Start of DATA

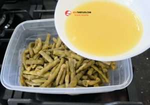 1. Öncelikle börülceleri bol su ile yıkayalım, uç kısımlarını ve yanlarındaki iplikli (kılçıklı) kısımları bıçak yardımıyla keserek temizleyelim.
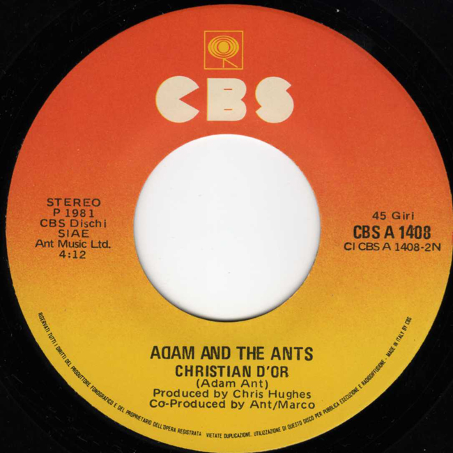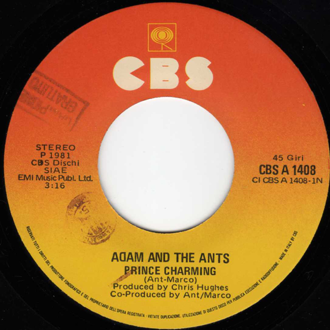 Adam and the Ants Country Label Catalogue Number Matrix numbers Format Release date A-side B-side The second single to be released from the Prince Charming album and the band's second number one single. The B-side, Christian D'or, is an old Ants song from 1978. The Italian front sleeve has the same image on the back as it does on the front. |
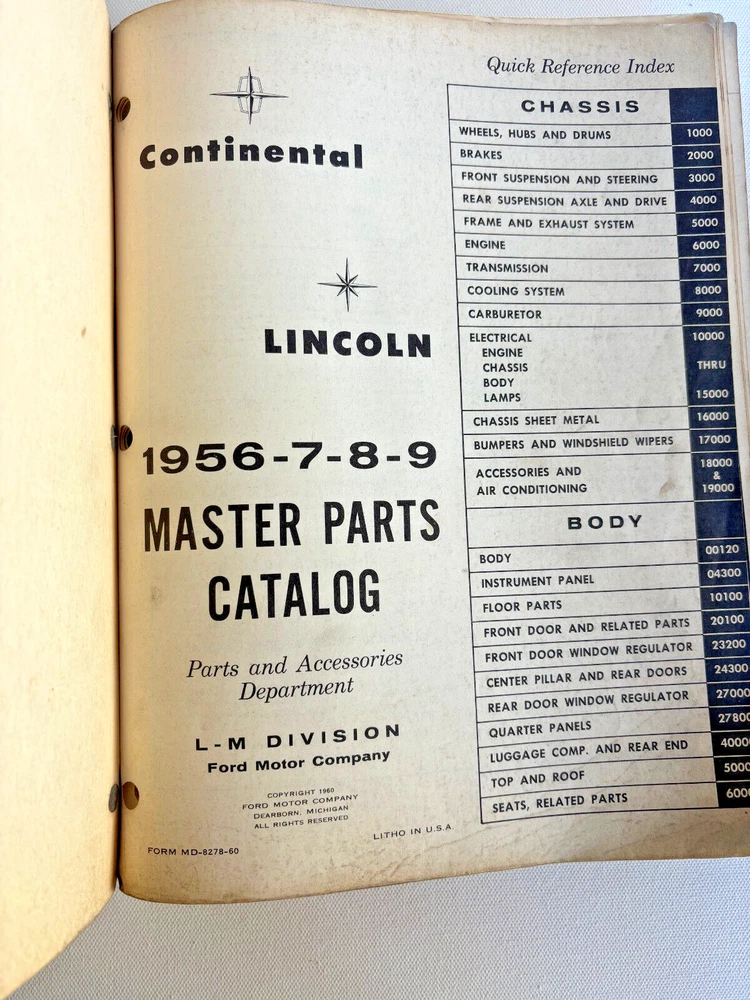 Master Parts Catalog- Continental Lincoln 1956-1959
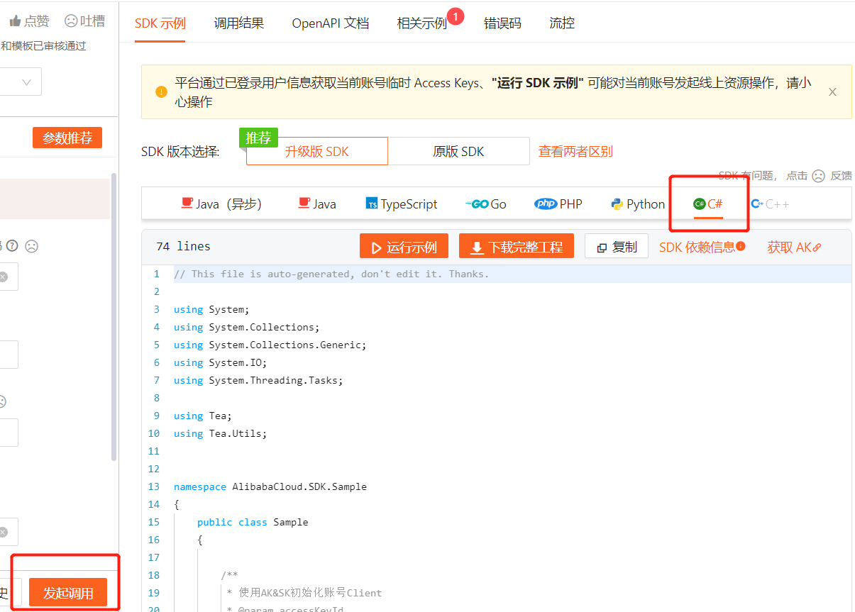 参考https://next.api.aliyun.com/api-tools/sdk/Dysmsapi?version=2017-05-25&language=csharp-tea这里的C#demo在发短信时报以下错误

End of DATA

WORK ORDER. The answer must be the full listing retyped exactly, with no pictures in it.

SOLUTION FOR THIS EXERCISE.
 1. Öncelikle börülceleri bol su ile yıkayalım, uç kısımlarını ve yanlarındaki iplikli (kılçıklı) kısımları bıçak yardımıyla keserek temizleyelim.
 Adam and the Ants Country Label Catalogue Number Matrix numbers Format Release date A-side B-side The second single to be released from the Prince Charming album and the band's second number one single. The B-side, Christian D'or, is an old Ants song from 1978. The Italian front sleeve has the same image on the back as it does on the front. |
 Master Parts Catalog- Continental Lincoln 1956-1959
 参考https://next.api.aliyun.com/api-tools/sdk/Dysmsapi?version=2017-05-25&language=csharp-tea这里的C#demo在发短信时报以下错误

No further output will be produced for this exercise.